According to the most up-to-date plant evolutionary relationships39 and our results, we demonstrated that the functions of HLS1 in the regulation of thermomorphogenesis (elongated seedling cartoon) were conserved from bryophytes to eudicots (shown as check marks). However, the HLS1 orthologs in lycophyte or mosses could not function in flowering time control (flower cartoon) and hook development (depicted as wrong marks). The cartoon was created with BioRender.com.
Discussion
HLS1 was among the last few genes, which had been cloned before the release of the Arabidopsis genome sequence, but its biochemical functions remain elusive even today. There are currently two models to explain HLS1 activities. The first model proposes that HLS1 directly acetylates histones. Based on protein sequence similarities, HLS1 has been recognized as a putative acetyltransferase for almost two decades, and the histone H3 acetylation (H3Ac) levels are altered in hls1 mutants. However, isolated HLS1 protein failed to directly acetylate histones in an in vitro enzymatic assay9; thus, the acetyltransferase activity of HLS1 is still under debate. In order to answer whether acetyltransferase activity is required for HLS1 function, we also generated GFP-HLS1V108A L151A/hls1-1 transgenic plants, which harbored two point mutations (V108 and L151) in the conserved acetyltransferase domain (Fig. S5 and Fig. S8). The V108 and L151 amino acids are highly conserved not only in plants but also in bacterial, yeast, and human N-acetyltransferase3. All the individual transgenic lines harboring the HLS1V108A L151A mutations could not complement the hls1-1 early-flowering phenotypes, while the normal GFP-HLS1 complementation lines successfully rescue hls1-1 mutants (Fig. S8). Although we did not directly test the acetyltransferase activity in HLS1, our results suggest that at least these two conserved amino acids in the acetyltransferase domain are required for HLS1 function.

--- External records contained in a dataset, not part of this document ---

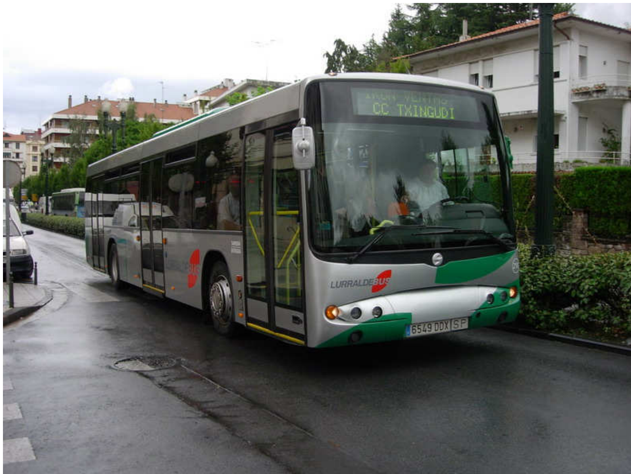
Irún. 28-7-2006.

El Volvo B7L con carrocería Sunundegui CityStylo II, número 210 de AUIF, luciendo su nuevo esquema de pintura por las calles de la ciudad de Irún.
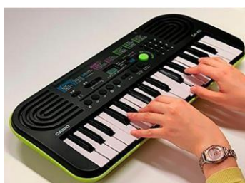
Teclado 32 teclas
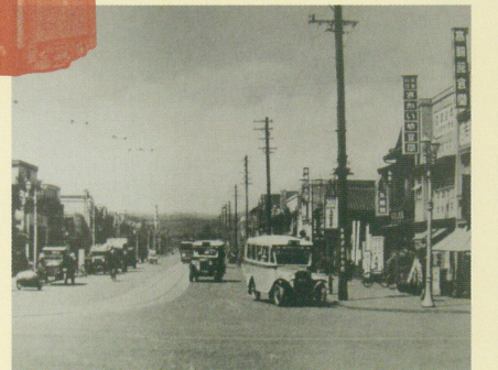
高崎駅前から西方を望む

The second model proposes that HLS1 forms oligomers in darkness. Light-activated phytochromes directly interact with HLS1 and reduce its oligomerization status to inhibit hook development10. In addition, a very recent study showed that SUMO E3 ligase SAP AND MIZ1 DOMAIN-CONTAINING LIGASE1 (SIZ1) mediates HLS1 SUMOylation and revealed six SUMOylation sites (lysine [K] 62, K81, K155, K186, K294, and K336) in HLS1 protein. Mutation of these SUMOylation sites disturbs the HLS1 oligomerization status and functions in apical hook development25. Interestingly, we mapped all these six Arabidopsis HLS1 SUMOylation sites with other orthologs and found that the K62, K294, and K336 sites are completely distinct in bryophytes or lycophyte (Fig. S5). The K81/K155 sites in S. moellendorffii are identical with A. thaliana HLS1 but not the same in M. polymorpha and P. patens. The K186 site is not changed in M. polymorpha and P. patens but is different in S. moellendorffii (Fig. S5). Since it has been demonstrated that the oligomerization status of HLS1 is correlated with its role in hook development10,25, we suspect that the un-conserved SUMOylation sites in HLS1 orthologs might explain why these HLS1 orthologs could not complement the hls1-1 hook defects.

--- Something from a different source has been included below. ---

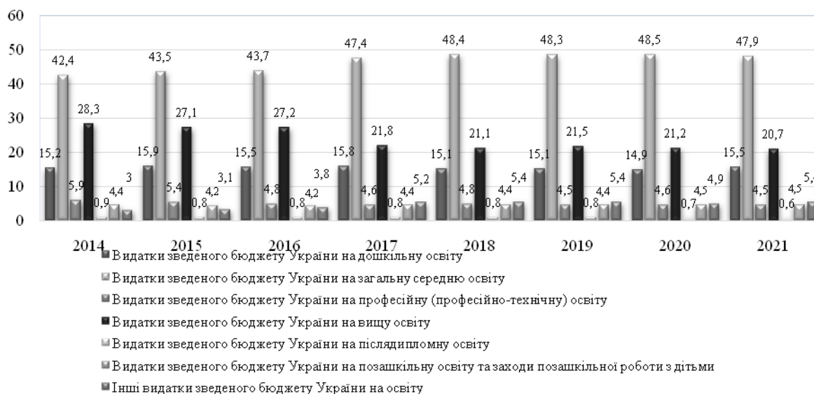
Рис. 2. Структура щорічних видатків зведеного бюджету України в розрізі рівнів освіти за період 2014–2021 рр., %

Фінансування освіти в Україні відбувається за наступними складниками системи освіти – дошкільна, повна загальна середня, професійна (професійно-технічна), вища, післядипломна, позашкільна [2]. Професійна (професійно-технічна) освіта є складовою системи освіти України. Заклад професійної (професійно-технічної) освіти утворюється відповідно до соціально-економічних потреб держави чи окремого регіону [4]. Структуру щорічних видатків зведеного бюджету України в розрізі рівнів освіти представлено на рис. 2.

On another side, the exact role of HLS1 in hook development is unknown. Although it is no doubt that HLS1 is required for apical hook development and asymmetric auxin distributions4, the signaling mechanisms from HLS1 to the auxin intercellular or intracellular transport are not clear. We only understand that ethylene directly induces HLS1 expression through the activation of transcription factor EIN34,13, but the downstream events from HLS1 are enigmatic.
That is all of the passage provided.